On 7/2/23 19:37, Linux regression tracking (Thorsten Leemhuis) wrote:
> On 02.07.23 13:57, Bagas Sanjaya wrote:
>> [also Cc: original reporter]
>
> BTW: I think you CCed too many developers here. There are situations
> where this can makes sense, but it's rare. And if you do this too often
> people might start to not really look into your mails or might even
> ignore them completely.
>
> Normally it's enough to write the mail to (1) the people in the
> signed-off-by-chain, (2) the maintainers of the subsystem that merged a
> commit, and (3) the lists for all affected subsystems; leave it up to
> developers from the first two groups to CC the maintainers of the third
> group.
>

Hi,

In this case I had to also Cc: wireguard, bonding, RCU, and x86 people,
since this issue spans these subsystems (I naively thought).
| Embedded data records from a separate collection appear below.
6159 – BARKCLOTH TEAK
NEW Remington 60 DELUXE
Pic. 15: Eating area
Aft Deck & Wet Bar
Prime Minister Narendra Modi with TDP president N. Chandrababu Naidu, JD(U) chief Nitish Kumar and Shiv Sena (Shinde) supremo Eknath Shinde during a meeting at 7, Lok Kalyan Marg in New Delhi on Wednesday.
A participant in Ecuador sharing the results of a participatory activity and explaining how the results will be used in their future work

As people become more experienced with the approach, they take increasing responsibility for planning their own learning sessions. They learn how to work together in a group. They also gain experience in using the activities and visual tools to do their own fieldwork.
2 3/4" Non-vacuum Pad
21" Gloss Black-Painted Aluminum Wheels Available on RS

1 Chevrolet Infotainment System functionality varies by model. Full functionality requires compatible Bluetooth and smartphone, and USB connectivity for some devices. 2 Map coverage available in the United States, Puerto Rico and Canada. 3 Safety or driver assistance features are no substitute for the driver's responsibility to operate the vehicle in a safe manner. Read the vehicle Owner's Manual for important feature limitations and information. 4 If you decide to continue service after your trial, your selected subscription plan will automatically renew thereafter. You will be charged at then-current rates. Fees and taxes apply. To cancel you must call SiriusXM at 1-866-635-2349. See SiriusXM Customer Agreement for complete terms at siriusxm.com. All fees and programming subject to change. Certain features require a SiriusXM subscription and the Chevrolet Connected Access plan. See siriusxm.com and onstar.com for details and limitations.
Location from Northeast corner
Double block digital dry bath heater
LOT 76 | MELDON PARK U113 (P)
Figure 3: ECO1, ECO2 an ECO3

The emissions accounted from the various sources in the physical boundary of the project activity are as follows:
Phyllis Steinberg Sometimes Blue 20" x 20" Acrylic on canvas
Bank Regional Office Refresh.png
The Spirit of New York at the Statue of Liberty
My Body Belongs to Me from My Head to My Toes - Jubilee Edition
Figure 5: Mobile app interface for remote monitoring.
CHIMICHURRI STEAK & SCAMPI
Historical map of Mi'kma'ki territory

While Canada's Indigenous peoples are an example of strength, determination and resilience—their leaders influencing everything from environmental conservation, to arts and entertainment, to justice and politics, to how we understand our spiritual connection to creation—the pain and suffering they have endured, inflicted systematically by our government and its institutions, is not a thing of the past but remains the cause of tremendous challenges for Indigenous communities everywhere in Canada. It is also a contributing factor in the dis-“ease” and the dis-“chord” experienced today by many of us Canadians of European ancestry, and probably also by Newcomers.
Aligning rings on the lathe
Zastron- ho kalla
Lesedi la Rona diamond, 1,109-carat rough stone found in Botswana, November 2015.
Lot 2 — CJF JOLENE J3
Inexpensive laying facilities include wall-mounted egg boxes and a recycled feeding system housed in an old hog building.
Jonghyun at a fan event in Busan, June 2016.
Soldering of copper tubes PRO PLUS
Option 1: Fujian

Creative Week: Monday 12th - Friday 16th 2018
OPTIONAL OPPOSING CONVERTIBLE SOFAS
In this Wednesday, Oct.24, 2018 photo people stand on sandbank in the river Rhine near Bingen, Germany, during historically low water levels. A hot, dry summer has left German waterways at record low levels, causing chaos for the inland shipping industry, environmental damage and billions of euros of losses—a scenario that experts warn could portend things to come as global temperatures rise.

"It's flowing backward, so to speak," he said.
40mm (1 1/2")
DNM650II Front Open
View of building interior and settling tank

Anyway,
thanks for detailed tip (honestly /me wonder if I forgot this later, as
is often the case).

>> On 7/2/23 10:31, Bagas Sanjaya wrote:
>>> I notice a regression report on Bugzilla [1]. Quoting from it:
>>>
>>>> I've spent the last week on debugging a problem with my attempt to upgrade my kernel from 6.2.8 to 6.3.8 (now also with
>> [...]
>>> See Bugzilla for the full thread.
>>>
>>> Anyway, I'm adding it to regzbot to make sure it doesn't fall through cracks
>>> unnoticed:
>>>
>>> #regzbot introduced: fed8d8773b8ea6 https://bugzilla.kernel.org/show_bug.cgi?id=217620
>>> #regzbot title: correcting acpi_is_processor_usable() check causes RCU stalls with wireguard over bonding+igb
>>> #regzbot link: https://bugs.gentoo.org/909066
>
>> satmd: Can you repeat bisection to confirm that fed8d8773b8ea6 is
>> really the culprit?
>
> I'd be careful to ask people that, as that might mean a lot of work for
> them. Best to leave things like that to developers, unless it's pretty
> obvious that something went sideways.
>

OK.

>> Thorsten: It seems like the reporter concluded bisection to the
>> (possibly) incorrect culprit.
>
> What makes your think so? I just looked at bugzilla and it (for now)
> seems reverting fed8d8773b8ea6 ontop of 6.4 fixed things for the
> reporter, which is a pretty strong indicator that this change really
> causes the trouble somehow.
>

OK too.

> /me really wonders what's he's missing
>
>> What can I do in this case besides
>> asking to repeat bisection?
>
> Not much apart from updating regzbot state (e.g. something like "regzbot
> introduced v6.3..v6.4") and a reply to your initial report (ideally with
> a quick apology) to let everyone know it was a false alarm.
>

OK.

--
An old man doll... just what I always wanted! - Clara